TASK STATEMENT -
Without including the pictures, copy each line below exactly as it reads.

RECORDED INFORMATION -

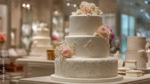 © Irina, Fototapeta premium Wedding cake on luxury store stand
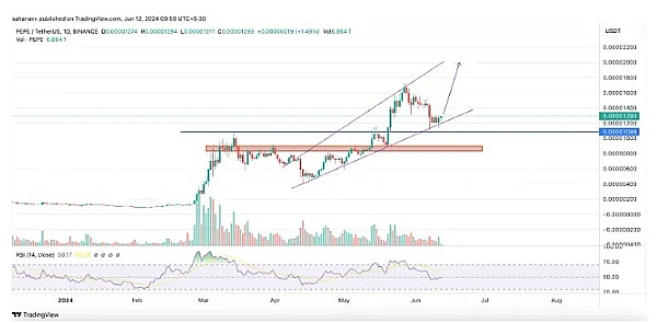 Pepe 的价格在经历了最近从 0.000014 美元的回调后一直在区间内交易。虽然市场正在经历 FOMC 之前的回调,但PEPE 价格一直保持着显著的强势。由于价格仍处于上升平行通道内,看涨延续的可能性仍然很高。然而,空头正努力将水平拖至 0.00001 美元以下,但最近回升至 0.000012 美元以上已经改变了这种观点。
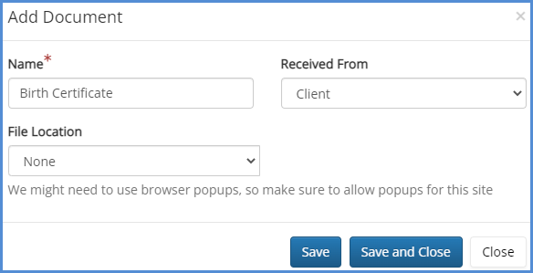 - Once the file has been uploaded, you can click Save to save the document to the system and proceed to adding another document. Or, if this is the only document you need to upload, you can click Save and Close. If you click Close without clicking Save or Save and Close, you will cancel the upload.

COMPLETED TASK -
 © Irina, Fototapeta premium Wedding cake on luxury store stand
 Pepe 的价格在经历了最近从 0.000014 美元的回调后一直在区间内交易。虽然市场正在经历 FOMC 之前的回调,但PEPE 价格一直保持着显著的强势。由于价格仍处于上升平行通道内,看涨延续的可能性仍然很高。然而,空头正努力将水平拖至 0.00001 美元以下,但最近回升至 0.000012 美元以上已经改变了这种观点。
 - Once the file has been uploaded, you can click Save to save the document to the system and proceed to adding another document. Or, if this is the only document you need to upload, you can click Save and Close. If you click Close without clicking Save or Save and Close, you will cancel the upload.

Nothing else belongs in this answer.